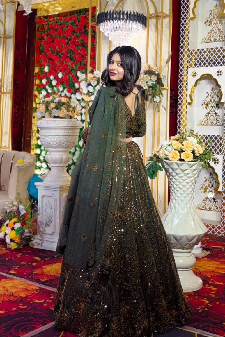 A shimmering reception lehenga adorned with dazzling sequins and intricate beadwork, designed to make you the star of your grand celebration.
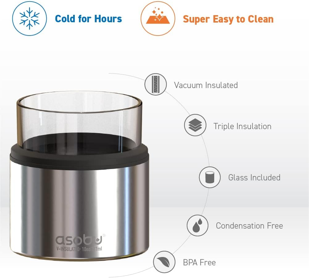 NO MORE WARM WHISKEY - Keep your hands warm and your whiskey cold with our insulated stainless sleeve for your whiskey glass STAINLESS STEEL INSULATED - Our sleeve is designed to keep your whiskey chilled until the last drop without the taste of a stainless steel cup SECURE RUBBER BAND - The band on top keeps your whiskey glass secure in the insulating sleeve DOUBLE WALLED - Chill your whiskey not your hands with the double walls that protect your whiskey INDOOR OR OUTDOOR - Great for use indoors and durable enough for backyard, poolside or BBQ parties Product Description Double Walled Insulation Chill your whiskey not your hands with the double walls that protects your whiskey Premium Glass Includes a quality old fashion whiskey sized glass Condensation Free Sleeve Keep your hands dry and your whiskey cold with the condensation free insulated stainless sleeve. Removable Sleeve The sleeve easily removes from the glass for easy cleaning and storing No more watered down, melted ice whiskey Indoors or outdoors your whiskey will stay cold and pure! Preserve the taste of your beverage Great for use with any cocktail - Enjoy the pure taste of you cocktail in a stainless steel insulated cup! Asobu Bar Collection Add to Cart Add to Cart Customer Reviews 4.7 out of 5 stars 2,505 3.4 out of 5 stars 20 4.7 out of 5 stars 5,193 4.3 out of 5 stars 86 4.1 out of 5 stars 54 Price $21.90 $ 21 . 90 — $29.99 $ 29 . 99 — — Double Walled Vacuum Insulated ✔ ✔ ✔ ✔ ✔ Capacity 10.5 Ounces 17 Ounce N/A 16 Ounces 15 Ounces No flavor transfer glass ✔ ✔ ✔ ✔ ✔ No outer condensation ✔ ✔ ✔ ✔ ✔ Glass Included ✔ ✘ ✘ ✔ ✔
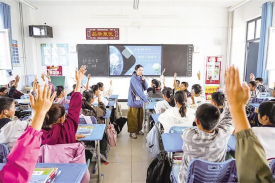 林楚韓在講授地球與地球儀相關知識,學生們踴躍舉手,積極回應老師的提問。

========

# Problem statement
Give back the material above exactly as it appears, minus any picture.

# Answer to the problem
 A shimmering reception lehenga adorned with dazzling sequins and intricate beadwork, designed to make you the star of your grand celebration.
 NO MORE WARM WHISKEY - Keep your hands warm and your whiskey cold with our insulated stainless sleeve for your whiskey glass STAINLESS STEEL INSULATED - Our sleeve is designed to keep your whiskey chilled until the last drop without the taste of a stainless steel cup SECURE RUBBER BAND - The band on top keeps your whiskey glass secure in the insulating sleeve DOUBLE WALLED - Chill your whiskey not your hands with the double walls that protect your whiskey INDOOR OR OUTDOOR - Great for use indoors and durable enough for backyard, poolside or BBQ parties Product Description Double Walled Insulation Chill your whiskey not your hands with the double walls that protects your whiskey Premium Glass Includes a quality old fashion whiskey sized glass Condensation Free Sleeve Keep your hands dry and your whiskey cold with the condensation free insulated stainless sleeve. Removable Sleeve The sleeve easily removes from the glass for easy cleaning and storing No more watered down, melted ice whiskey Indoors or outdoors your whiskey will stay cold and pure! Preserve the taste of your beverage Great for use with any cocktail - Enjoy the pure taste of you cocktail in a stainless steel insulated cup! Asobu Bar Collection Add to Cart Add to Cart Customer Reviews 4.7 out of 5 stars 2,505 3.4 out of 5 stars 20 4.7 out of 5 stars 5,193 4.3 out of 5 stars 86 4.1 out of 5 stars 54 Price $21.90 $ 21 . 90 — $29.99 $ 29 . 99 — — Double Walled Vacuum Insulated ✔ ✔ ✔ ✔ ✔ Capacity 10.5 Ounces 17 Ounce N/A 16 Ounces 15 Ounces No flavor transfer glass ✔ ✔ ✔ ✔ ✔ No outer condensation ✔ ✔ ✔ ✔ ✔ Glass Included ✔ ✘ ✘ ✔ ✔
 林楚韓在講授地球與地球儀相關知識,學生們踴躍舉手,積極回應老師的提問。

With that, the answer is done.